The Elevate Data for Equity project encourages investment in data capacity to enhance a community’s ability to achieve ambitious goals and advance equitable outcomes. Below are resources that foundations and other local groups can consult to learn how to assess and improve data skills and practices. The list includes tools and guides organized by the different levels of community data capacity described in Investing in Data Capacity for Community Change: individual, organizational, and collective.
Individual Capacity
Digital Defense Playbook: Community Power Tools for Reclaiming Data
Our Data Bodies, 2018
This workbook contains education activities for the public focused on data, surveillance, and community safety to create and share knowledge, analyses, and tools for data justice and data access for equity. It includes tools, tip sheets, reflection pieces, and rich stories.

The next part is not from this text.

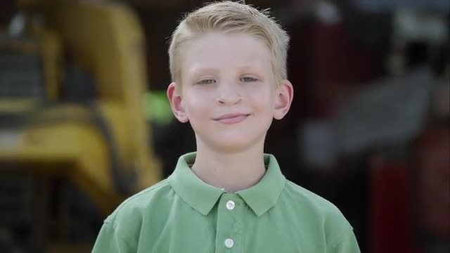 323149 - Slow motion push of boy with cleft lip standing in front of tractor.
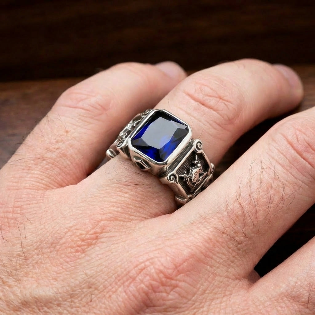 Varustaudu menneiden aikojen kunnialla ja rohkeudella tällä upealla ritarisormuksella. Mestarin taidolla massiivisesta .925 sterlinghopeasta taottu sormus on voimakas kunnianosoitus historian ja tarujen jaloille sotureille. Keskellä oleva syvänsininen jalokivi huokuu kuninkaallista voimaa – tämä ei ole pelkkä asuste, vaan rohkea ritarillisuuden, voiman ja horjumattoman suojelun symboli nykymiehelle.

NNIP Data and Tech Training Catalog
National Neighborhood Indicators Partnership, 2017
This catalog contains descriptions and downloadable materials from training courses that advance data and technology literacy. It focuses primarily on in-person trainings that have been conducted by local institutions such as nonprofit organizations, universities, and government agencies across the country. In addition to the catalog is a brief on the value of data and tech training and guidance for organizations that want to conduct training.
Data Culture Project
MIT Center for Civic Media, 2018
The Data Culture Project is a free, self-directed learning program to facilitate creative introductions to data. The hands-on activities are designed to build the data capacity of people with varying levels of technical experience. The videos and facilitation guides enable people to independently lead the activities for their organizations.
Data Walks: An Innovative Way to Share Data with Communities
Urban Institute, 2015
This guide describes how to design and implement data walks, which are an approach to sharing data and findings with community residents. Data walks can ensure a more robust analysis and understanding of data, improve programming and policies, and inspire action among participants.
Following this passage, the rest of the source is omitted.